A thing is right when it tends to preserve the integrity, beauty, and stability of the biotic community. It is wrong when it tends otherwise.
—ALDO LEOPOLD, “THE LAND ETHIC” (1949)
Weaving through southern Virginia on a rainy weekday morning, I am on my way to visit Kristin McElligott. I first met her months ago at the annual conference of the Soil Society of America, where she was dutifully standing by her poster explaining her research into loblolly pine management. I liked her immediately—she was superbright, talkative, and funny (she described the forest’s designed purpose as “to produce a crapload of loblolly pine”). The drive south from Harrisonburg takes me two hours, first down I-81 and then along winding country roads. Lots of yard signs like this: “America: Pray and repent. Return to Jesus.” Lots of American flags. And lots of yard signs blending Jesus and American flags. A soil scientist at Virginia Tech, Kristin is familiar with this deep-red part of the country. Her previous degrees and work experiences have seen her living in Arkansas, Idaho, and Alaska, and she was raised in small-town Wisconsin, the first in her family to graduate from college. Given a choice, she admits, she would spend time tromping through wilderness areas in national forests or parks, but working in tree plantations has taught her much about balancing resource use and protecting the wilderness in which she feels most at home. Picture her with long brown hair in a ponytail, legs in jeans planted in hiking boots, striding off to find her research plots, her happy dog Nyssa running alongside. While the wet winding drive hasn’t been much fun, I am immediately glad I have come. This woman is passionate about soil.

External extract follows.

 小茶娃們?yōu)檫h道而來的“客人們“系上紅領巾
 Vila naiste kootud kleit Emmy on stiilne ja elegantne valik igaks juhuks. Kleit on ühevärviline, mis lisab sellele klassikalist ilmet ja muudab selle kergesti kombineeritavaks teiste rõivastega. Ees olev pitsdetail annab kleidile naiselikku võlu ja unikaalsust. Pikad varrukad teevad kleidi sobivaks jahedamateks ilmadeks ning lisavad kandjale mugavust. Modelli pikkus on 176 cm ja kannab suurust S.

“I like to think of the whole belowground ecosystem as a distorted mirror of what you see above ground, just on a different scale.” She has a spade in her hands—called a sharpshooter down south—and we are walking through stands of loblolly pine toward a ditch she wants to show me. “Most people look at the ground and they see the surface. Soil scientists like to dig as deep as we can to figure out what’s happening, how nutrient contents are changing, how microbial communities are changing, where the fungi are, where the roots go, where the water moves. All of that happens below ground.”

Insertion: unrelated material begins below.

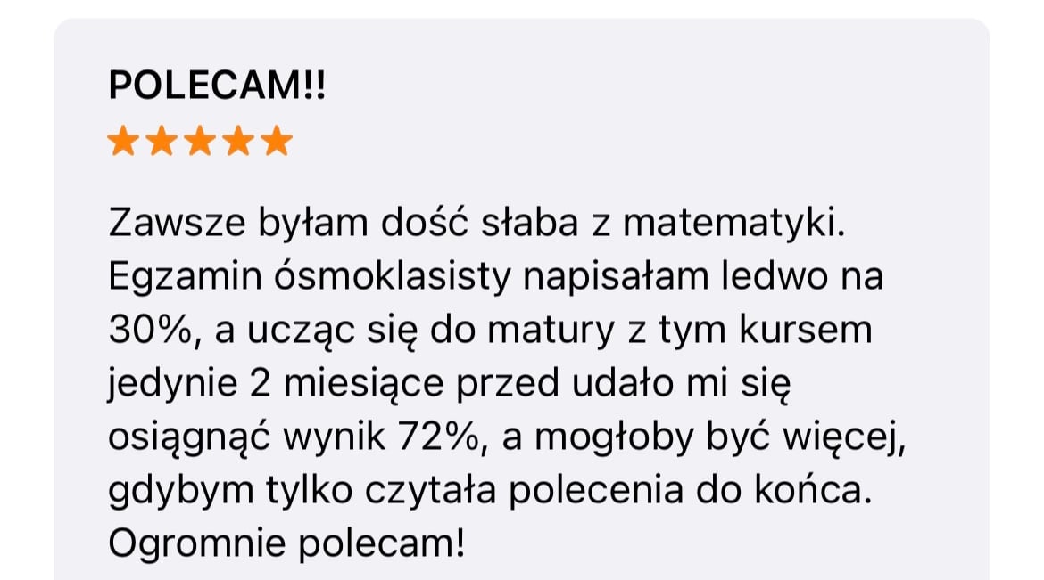 Jeśli naprawdę chcesz uczyć się z tym kursem, ale decyzja zależy od rodziców to przedstaw im konkretne, logiczne argumenty: Oszczędność:. Kurs kosztuje mniej niż 2 miesiące korepetycji. Jest to jednorazowy wydatek na cały rok(możliwe raty 0%). W ten sposób zaoszczędzicie w domu nawet kilka tysięcy. Zero ryzyka: Oferujemy 14-dniową gwarancję zwrotu pieniędzy. Jeśli kurs Ci się nie spodoba, odzyskacie całą kwotę. Jakość: Uczysz się bezpośrednio od korepetytorki z wieloletnim doświadczeniem. To Twoja najlepsza szansa na wysoki wynik. Wsparcie: Masz codzienny kontakt z autorką kursu, dostajesz zarówno dostęp do społeczności uczniów jak i również dostęp do Asystenta Nauczania AI.

This is probably the first thing to learn about soil: it can be incredibly dynamic. Unless it’s been scraped away, covered, trampled, or otherwise killed, the soil under our feet can vary in consistency from one plot to another close by, as Noah Fierer and Diana Wall found in Central Park. This matters, because it tells us that all ground is not equal in its ability to sustain life.

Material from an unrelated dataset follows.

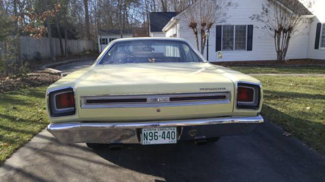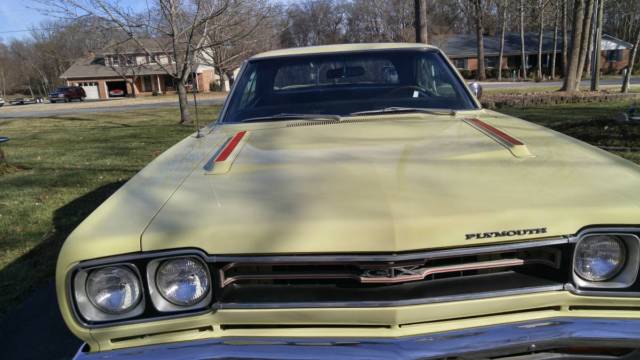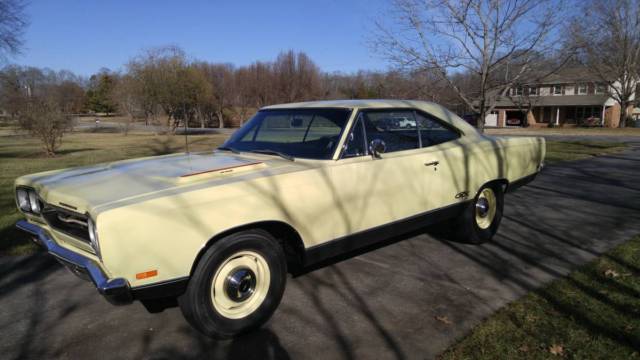 This is a 1969 Plymouth GTX with approximately 50% original paint and original upholstery, door panels, bumpers, Bright Work and emblems.The engine is a 1972 Warranty 440 block with original 906 heads, intake manifold and water pump. Options include:track pack with 3.54 Dana 60 rear axle sure grip, console with bucket seats, outside LH remote mirror, 3 speed variable wipers, fresh air hood, am radio, sport simulated wood grain steering wheel and chrome stylized road wheels (which are not on the car but come with it).

In fact, around the world the ground holds several thousand different types of soil, and some are far more fertile than others. Made of a mix of minerals, organic matter, air, and water, soils are often described simply as “clayey” or “sandy” or “loamy.” But because soil formation is influenced by many factors, including the “parent material” (such as rock), temperature, rainfall, organisms, and time, different types of soil are probably at least as varied as the landscapes they support, making the classifying of all those types extremely difficult. Nonetheless, the US Department of Agriculture begins its soil taxonomy system by dividing soils into twelve main types, each ending in “sol,” derived from the Latin word (solum) for soil or ground. Of these it is the Mollisols (molli meaning “soft”) that are most valuable. These are the soils of the most productive farmlands in the world—the mid-latitude grasslands of the United States east of the Rocky Mountains, the steppes of Russia, and the pampas of Argentina. And here is where the States won the soil lottery. While globally, Mollisols represent only about 7 percent of soils, in the States they make up more than 21 percent. In fact, about 35 percent of US soil is either Mollisols or Alfisols, an only slightly less fertile type. In China, by contrast, only about 12 percent of the soil is usable for farming or grazing. That the United States has long been the world’s breadbasket probably has less to do with American ingenuity than with the fact that we are living on much of the richest soil on Earth.
Kristin, Nyssa, and I have stopped where a backhoe has carved a six-by-six-foot ditch that gives researchers a glimpse of the soil’s makeup here on the pine plantation. Each different type of soil has a unique character that soil scientists describe by examining its layers, or “horizons.” And when they describe it, they often sound like this: “There are more ephemerals, so there’s a lot of rapid root turnover, and those dying roots are broken down by microbes, and that creates a really thick A horizon. But these are pretty thin, and you get into the B and the C horizon very quickly. Then you have more clay accumulation. There is a saprolite layer, that’s rock, so that’s pretty much just schist bedrock parent material that has been broken down and heavily chemically weathered…”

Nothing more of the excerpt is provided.